> **ACTIVITY**: All that is wanted is the exact text of the lines below from the one with "Ngày 05/12/2023, Trường" through the one with "Large Patterned Cross pendant on Rope Chain", inclusive, minus any pictures.

> **LISTED RECORDS**:
════════
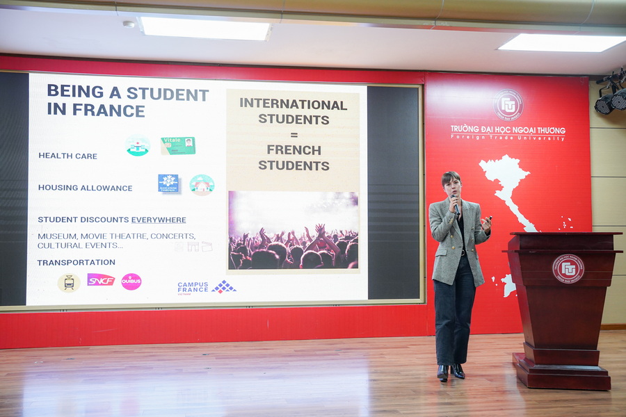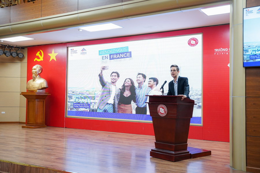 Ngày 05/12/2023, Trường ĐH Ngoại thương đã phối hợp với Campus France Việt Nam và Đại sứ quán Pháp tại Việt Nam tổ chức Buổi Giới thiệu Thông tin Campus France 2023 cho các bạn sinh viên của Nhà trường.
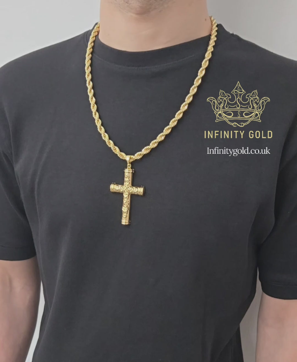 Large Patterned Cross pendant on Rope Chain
════════
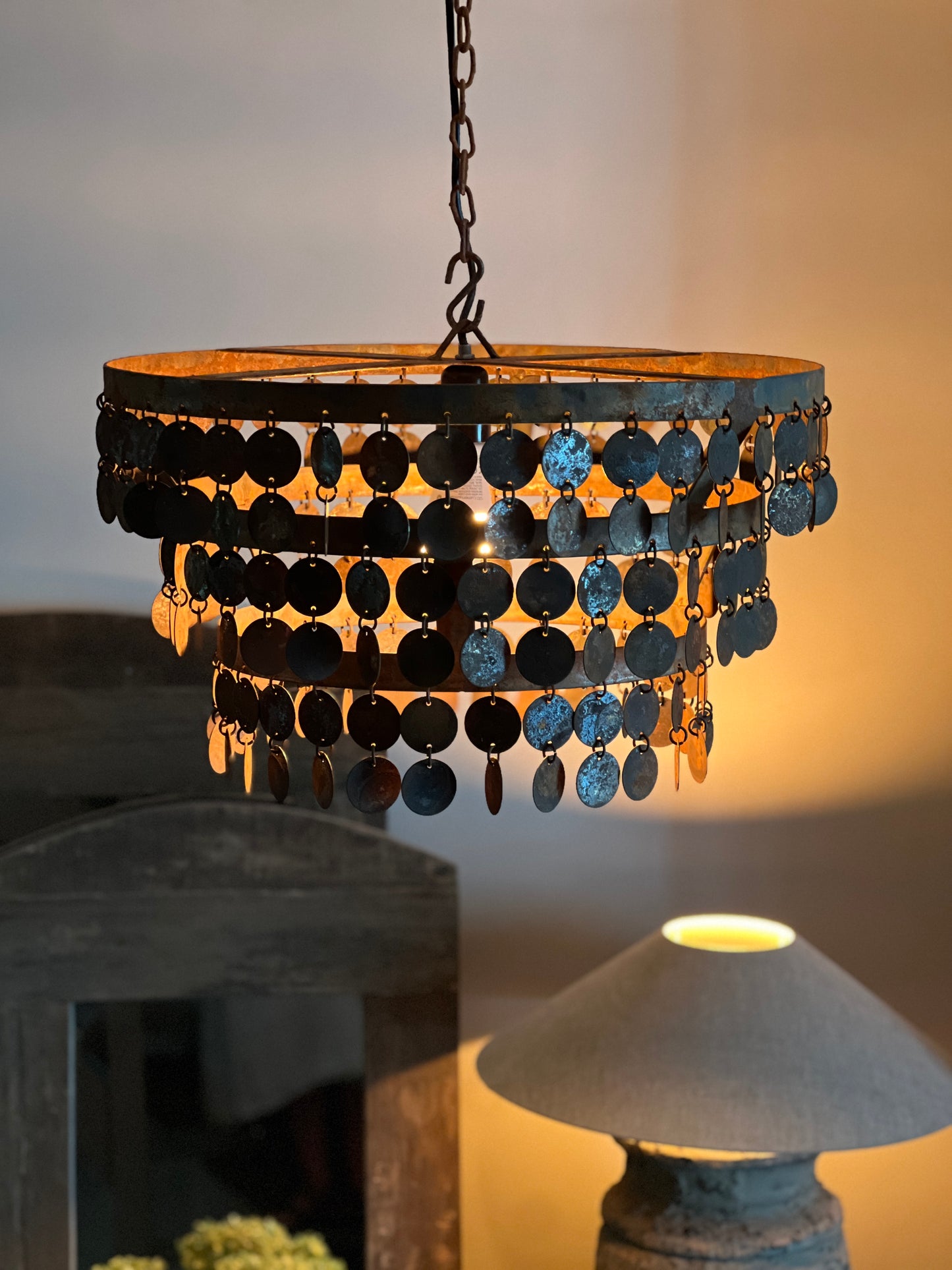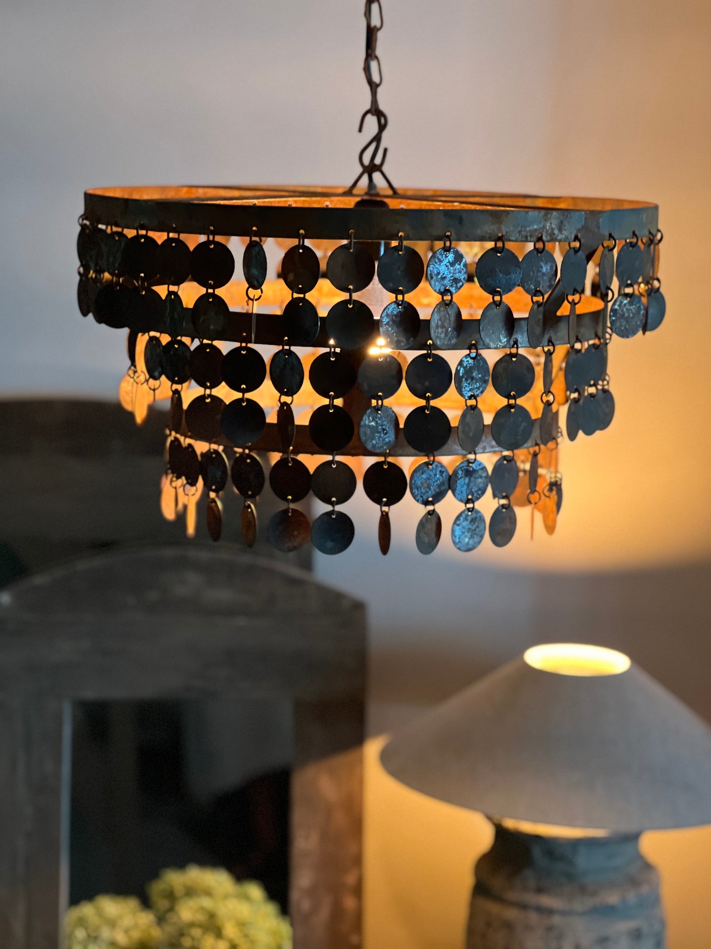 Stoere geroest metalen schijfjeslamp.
════════
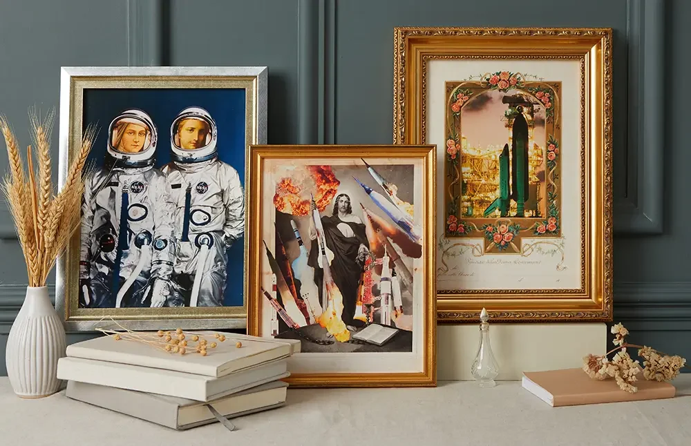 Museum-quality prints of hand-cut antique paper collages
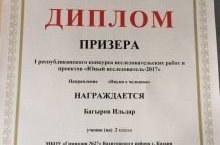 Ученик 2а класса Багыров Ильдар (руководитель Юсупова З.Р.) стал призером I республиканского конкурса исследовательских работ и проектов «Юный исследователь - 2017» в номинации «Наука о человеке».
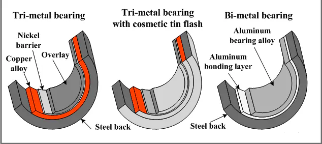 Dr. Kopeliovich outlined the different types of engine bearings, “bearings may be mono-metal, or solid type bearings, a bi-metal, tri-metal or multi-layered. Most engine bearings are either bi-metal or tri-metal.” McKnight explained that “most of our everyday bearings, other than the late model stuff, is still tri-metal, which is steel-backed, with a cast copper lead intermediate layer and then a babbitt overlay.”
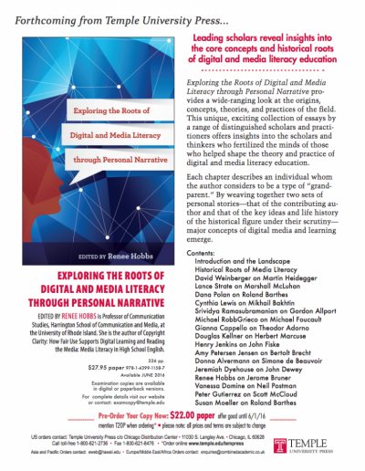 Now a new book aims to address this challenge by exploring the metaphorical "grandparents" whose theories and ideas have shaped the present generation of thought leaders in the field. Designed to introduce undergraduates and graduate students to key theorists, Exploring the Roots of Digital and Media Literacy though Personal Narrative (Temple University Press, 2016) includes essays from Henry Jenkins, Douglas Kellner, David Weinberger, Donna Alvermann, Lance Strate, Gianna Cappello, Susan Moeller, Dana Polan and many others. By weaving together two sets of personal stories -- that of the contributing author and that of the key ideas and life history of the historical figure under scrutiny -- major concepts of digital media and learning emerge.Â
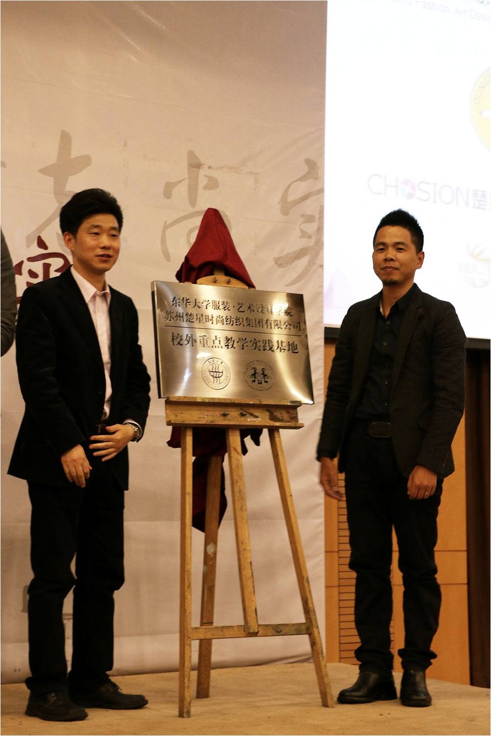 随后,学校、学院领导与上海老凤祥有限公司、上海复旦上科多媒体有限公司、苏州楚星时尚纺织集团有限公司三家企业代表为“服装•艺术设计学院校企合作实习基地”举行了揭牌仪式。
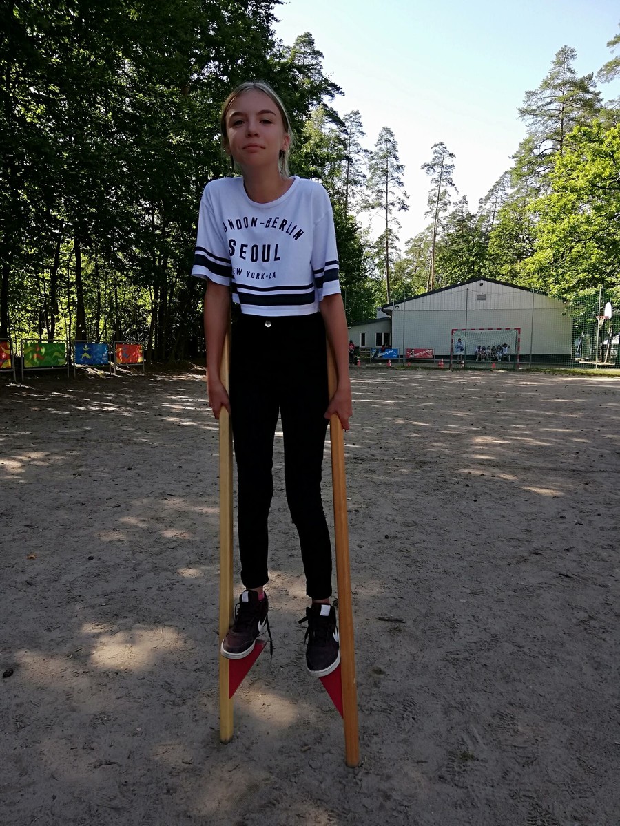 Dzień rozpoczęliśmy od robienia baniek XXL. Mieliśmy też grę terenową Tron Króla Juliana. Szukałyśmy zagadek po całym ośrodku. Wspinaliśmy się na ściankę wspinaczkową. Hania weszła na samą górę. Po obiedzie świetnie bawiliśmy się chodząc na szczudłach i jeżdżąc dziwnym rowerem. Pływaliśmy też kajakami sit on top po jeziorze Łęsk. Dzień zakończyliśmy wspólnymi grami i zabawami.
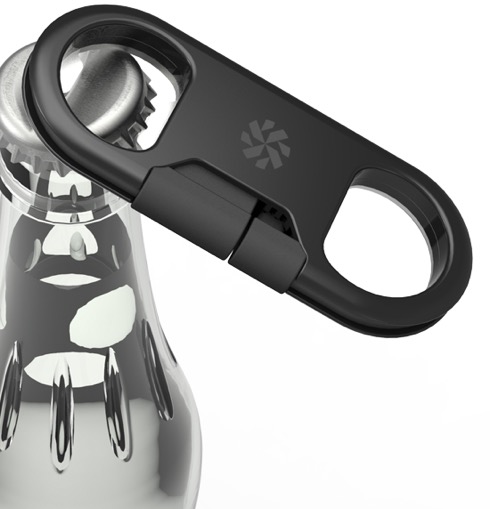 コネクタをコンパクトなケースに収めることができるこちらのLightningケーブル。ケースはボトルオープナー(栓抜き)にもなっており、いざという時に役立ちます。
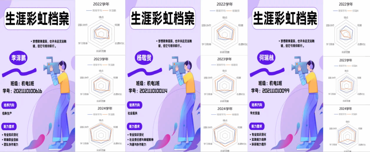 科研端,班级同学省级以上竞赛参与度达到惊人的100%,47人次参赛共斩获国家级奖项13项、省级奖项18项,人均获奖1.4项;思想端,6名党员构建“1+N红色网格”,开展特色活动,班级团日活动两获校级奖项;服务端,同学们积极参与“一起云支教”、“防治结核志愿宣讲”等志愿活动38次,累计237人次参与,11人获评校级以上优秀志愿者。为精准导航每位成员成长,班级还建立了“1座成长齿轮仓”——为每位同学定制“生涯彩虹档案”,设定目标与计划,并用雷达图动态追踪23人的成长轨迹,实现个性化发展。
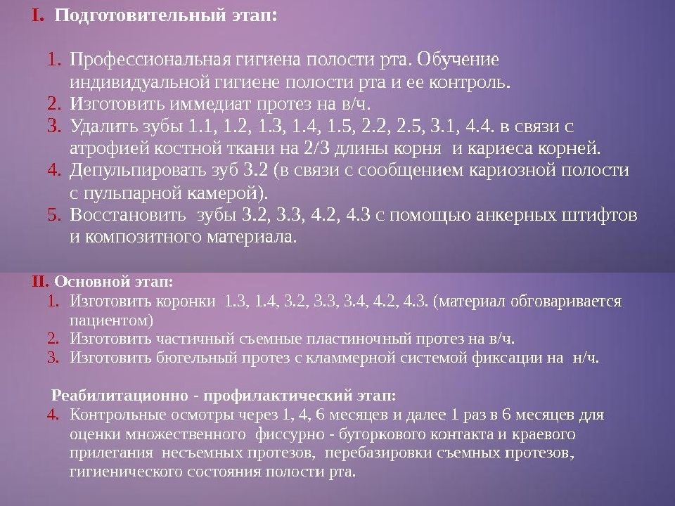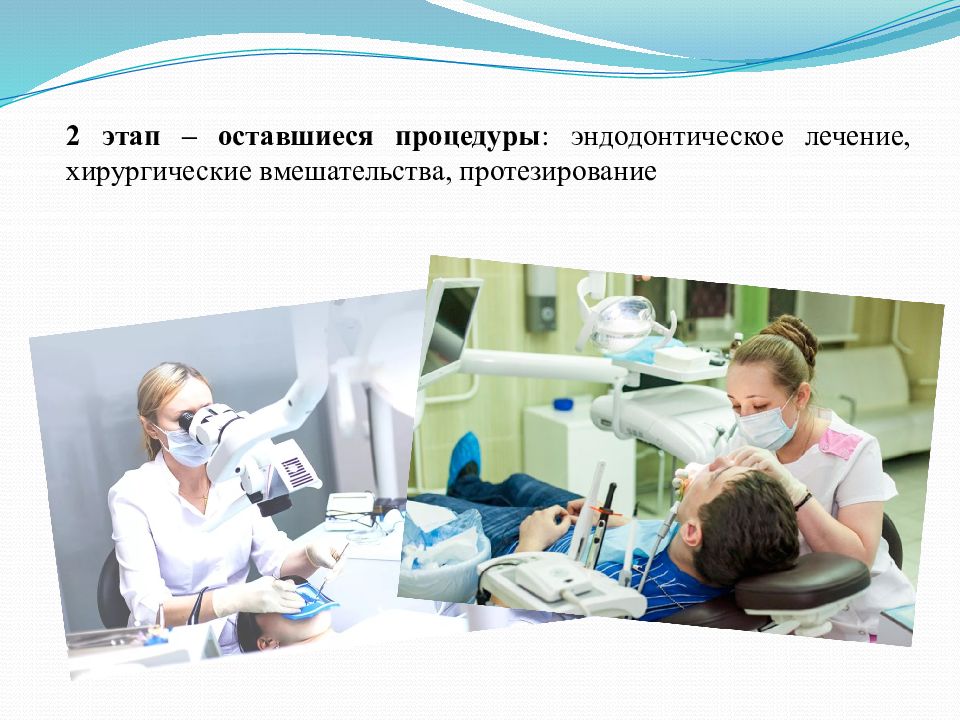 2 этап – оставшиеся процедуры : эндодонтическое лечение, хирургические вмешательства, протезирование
════════
> **TASK OUTPUT**:
 Ngày 05/12/2023, Trường ĐH Ngoại thương đã phối hợp với Campus France Việt Nam và Đại sứ quán Pháp tại Việt Nam tổ chức Buổi Giới thiệu Thông tin Campus France 2023 cho các bạn sinh viên của Nhà trường.
 Large Patterned Cross pendant on Rope Chain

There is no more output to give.